Faecal Myeloperoxidase as a Biomarker of Endoscopic Activity in Inflammatory Bowel Disease

Abstract

Background and aims: Inflammatory bowel disease [IBD], consisting of Crohn's disease [CD] and ulcerative colitis [UC], is a relapsing-remitting illness. Treat-to-target IBD management strategies require monitoring of gastrointestinal inflammation. This study aimed to investigate faecal myeloperoxidase [fMPO], a neutrophil granule enzyme, as a biomarker of IBD activity.

Methods: Prospectively recruited participants with IBD, undergoing ileocolonoscopy for disease assessment, provided biological samples and completed symptom questionnaires prior to endoscopy. fMPO, C-reactive protein [CRP], and faecal calprotectin [fCal] were compared with validated endoscopic indices [simple endoscopic score for CD and UC endoscopic index of severity]. Receiver operating characteristic [ROC] curves assessed the performance of fMPO, CRP, and fCal in predicting endoscopic disease activity. Baseline biomarkers were used to predict a composite endpoint of complicated disease at 12 months [need for escalation of biologic/immunomodulator due to relapse, steroid use, IBD-related hospitalisation, and surgery].

Results: A total of 172 participants were recruited [91 female, 100 with CD]. fMPO was significantly correlated with endoscopic activity in both CD [r = 0.53, p < 0.01] and UC [r = 0.63, p < 0.01], and with fCal in all patients with IBD [r = 0.82, p < 0.01]. fMPO was effective in predicting moderate-to-severely active CD [AUROC 0.86, p < 0.01] and UC [AUROC 0.92, p < 0.01]. Individuals with a baseline fMPO > 26 µg/g were significantly more likely to reach the composite outcome at 12 months (hazard ratio [HR] 3.71, 95% confidence interval [CI] 2.07-6.64, p < 0.01).

Conclusions: Faecal myeloperoxidase is an accurate biomarker of endoscopic activity in IBD and predicted a more complicated IBD course during follow-up.

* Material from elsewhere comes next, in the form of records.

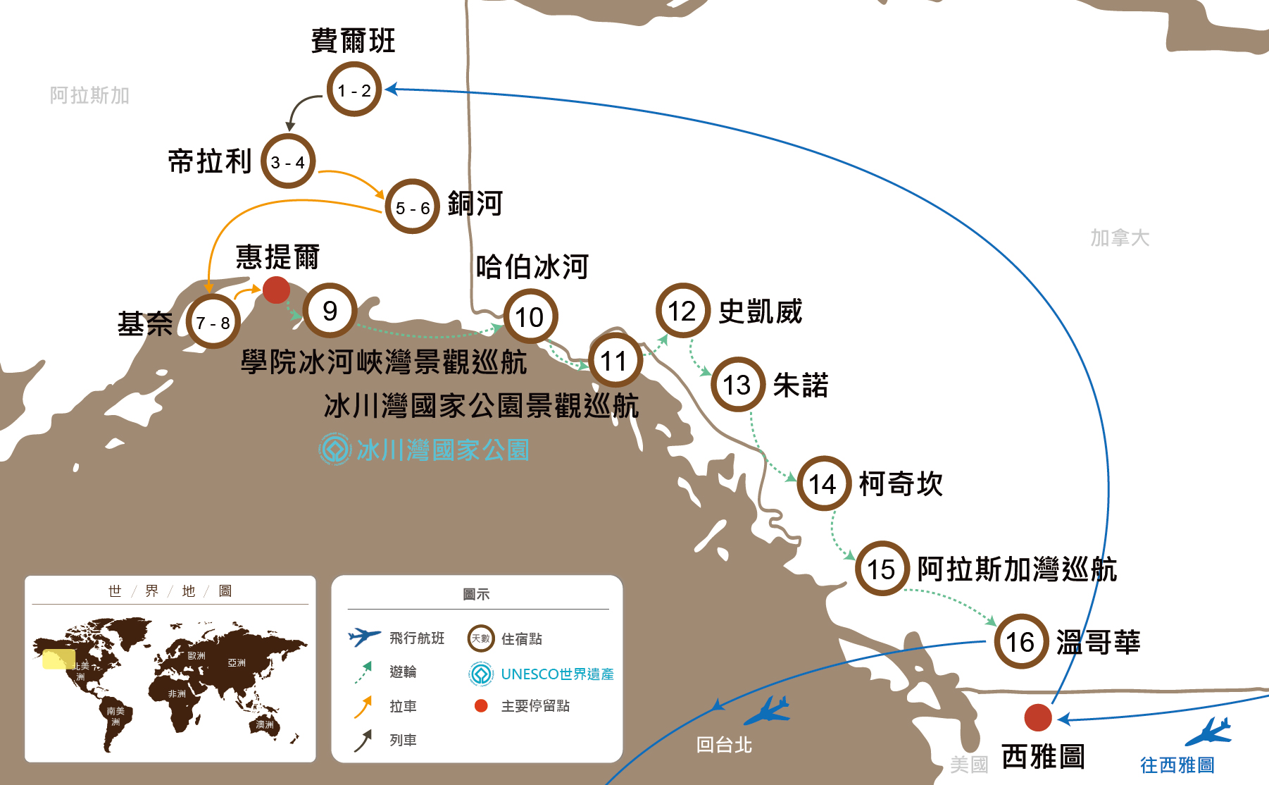 在前往育空的門戶,特別安排搭乘知名的白色隘口景觀火車;包含阿拉斯加鮭魚的豐盛BBQ大餐;沿著景色秀麗的柯隆戴克高速公路盡情欣賞自然風光;親手體驗淘金樂趣。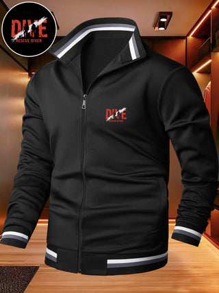 Stay sharp and comfortable with this Men’s Lightweight Stand Collar (High Neck) Jacket, featuring a bold diver print and modern zippered panel detailing. Designed for fall and winter wear, this regular-fit outerwear piece blends sporty aesthetics with everyday practicality.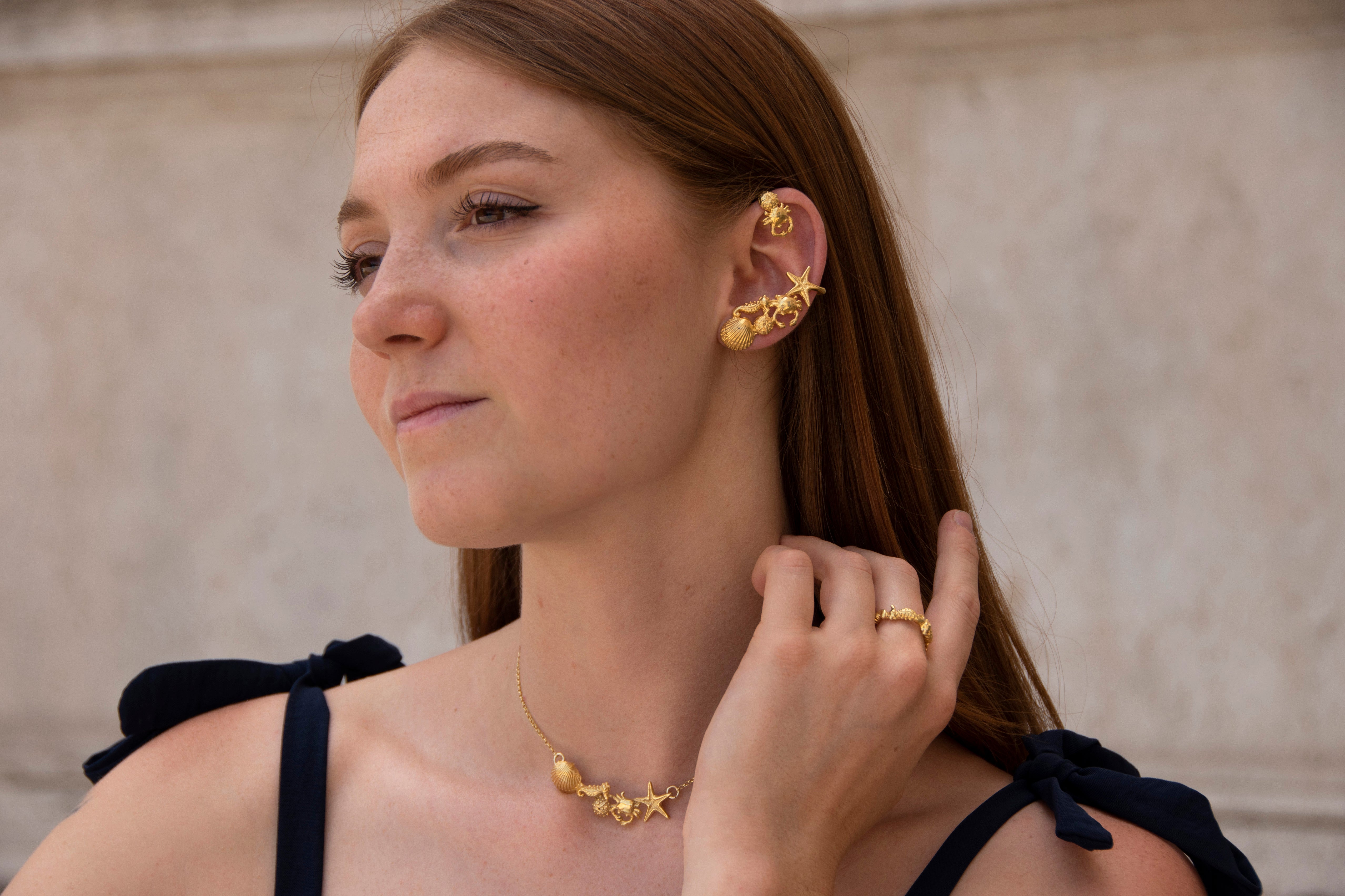 The Teti Necklace is a composition of starfish, shells, crabs and seahorses, made entirely by hand in 925 silver using the lost wax casting technique in every smallest detail.

Keywords: Biomarkers; myeloperoxidase; prognosis.

Graphical abstract

Figure 1.

Correlation between faecal myeloperoxidase [fMPO] protein concentration with fMPO activity using randomly selected stool samples to encompass a range of fMPO protein concentrations; 0-–9 μg/g, 50–199 μg/g, and > 200 μg/g. The correlation was performed on the linear data.

Figure 2.

Correlations between faecal biomarkers and clinical symptoms with endoscopic activity in inflammatory bowel disease.[A] Faecal calprotectin [fCal] and Simple Endoscopic Score for Crohn’s Disease [SES-CD]. [B] fCal and Ulcerative Colitis Endoscopic Index of Severity [UCEIS]; [C] Faecal myeloperoxidase protein [fMPO] and SES-CD. [D] fMPO and UCEIS. [E] SES-CD and Harvey–Bradshaw index [HBI]. [F] UCEIS and Simple Clinical Colitis Activity Index [SCCAI].

Figure 3.

Faecal myeloperoxidase [fMPO] protein was significantly correlated with faecal calprotectin [fCal] in patients with inflammatory bowel disease [A]. fMPO protein differed significantly between individuals in endoscopic remission [SES-CD ≤ 2, UCEIS ≤ 1] and those with moderate [SES-CD 7–15, UCEIS 5–6] or severely active [SES-CD > 15, UCEIS ≥ 7] Crohn’s disease [B] and ulcerative colitis [C]. SES-CD, Simple Endoscopic Score for Crohn’s Disease; UCEIS, Ulcerative Colitis Endoscopic Index of Severity. Mild disease = SES-CD 3–6, UCEIS 2–4. ns = p > 0.05; ***p < 0.001. Correlations for panel A performed on linear biomarker data.

Figure 4

Faecal calprotectin [fCal] and faecal myeloperoxidase [fMPO] protein both predicted moderat- to-severe endoscopic activity in CD [A] and UC [B], in comparison with C-reactive protein [CRP]. CD, Crohn’s disease; UC, ulcerative colitis; AUROC, area under the receiver operating characteristic curve.

Figure 5

Kaplan–Meier Curves showing differences in probability in reaching a composite outcome of escalation of immunomodulator/biologic therapy, corticosteroid use, IBD related hospitalisation, and surgery during 12 months of follow-up based on threshold values of baseline biomarkers [faecal calprotectin, fCal, >250 µg/g<; faecal myeloperoxidase, fMPO, fMPO > 26 µg/g<]. IBD, inflammatory bowel disease.